A PETITION to remove Tory Health Secretary Hunt from his post is already heading towards the 100,000 mark.

Some 80,000 people have signed a petition calling for a vote of no confidence in health secretary Jeremy Hunt, less than 24 hours after being launched.

A separate petition launched via Change.org on Sunday calling on Hunt to resign, or Prime Minister David Cameron to remove him from his post, had received almost 90,000 signatures by Tuesday morning.

Both petitions were launched by consultants angered by Hunt’s speech at the King’s Fund last week, in which he threatened to impose his terms for the new junior doctor contract and accused the BMA for being out of touch with its members, claiming he had ‘yet to meet’ a doctor not in favour of weekend working.

They follow the success of the #ImInWorkJeremy Twitter campaign trend over the weekend, uniting GPs and hospital doctors in letting Hunt know they were already keeping a seven-day NHS running

The petition launched via Parliament.uk started yesterday, has comfortably surpassed the 10,000 signature target at which the government must issue a response.

It is rapidly ticking upwards towards the 100,000 required to be considered for debate in Parliament, having attracted more than one signature per second. Launched by north London-based consultant in internal medicine Dr Ash Sadighi, it accuses Hunt of ‘alienating the entire workforce of the NHS by threatening to impose a harsh contract and conditions on first consultants and soon the rest of the NHS staff’.

Meanwhile, geriatric consultant Dr Dan Furmedge, who launched the Change.org petition, also said Hunt’s speech had been ‘the last straw’. His petition reads: ‘In essentially calling doctors lazy and suggesting they need “a sense of vocation” he has offended the whole NHS workforce and demonstrated how little regard he has for us and how little he understands what we do.’

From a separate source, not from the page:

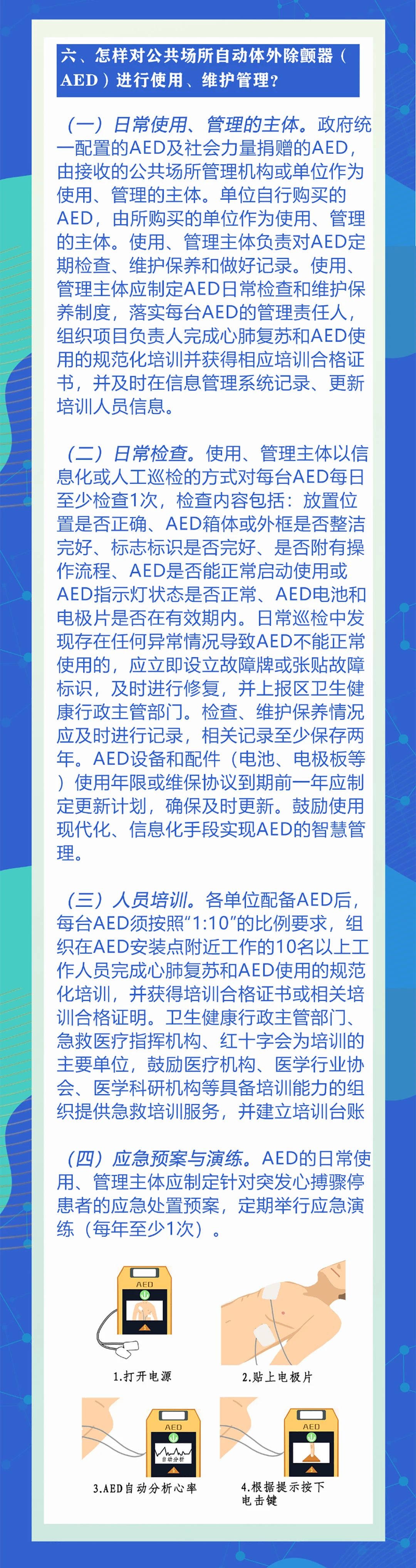 (一)日常使用、管理的主体。政府统一配置的AED及社会力量捐赠的AED,由接收的公共场所管理机构或单位作为使用、管理的主体。单位自行购买的AED,由所购买的单位作为使用、管理的主体。使用、管理主体负责对AED定期检查、维护保养和做好记录。使用、管理主体应制定AED日常检查和维护保养制度,落实每台AED的管理责任人,组织项目负责人完成心肺复苏和AED使用的规范化培训并获得相应培训合格证书,并及时在信息管理系统记录、更新培训人员信息。

• The Challenge Fund pilot that invited FY2 doctors to apply for positions in GP practices has pulled its job advert ‘for editing’ after the RCGP called for urgent clarification over the use of untrained GPs.

Shropdoc said it was ‘sorry for any confusion’ caused by the advert for a community physician to provide the ‘full spectrum’ of GMS consultations.

The RCGP called for urgent clarification from Health Education England (HEE) after learning that FY2 doctors without specialty training were being recruited.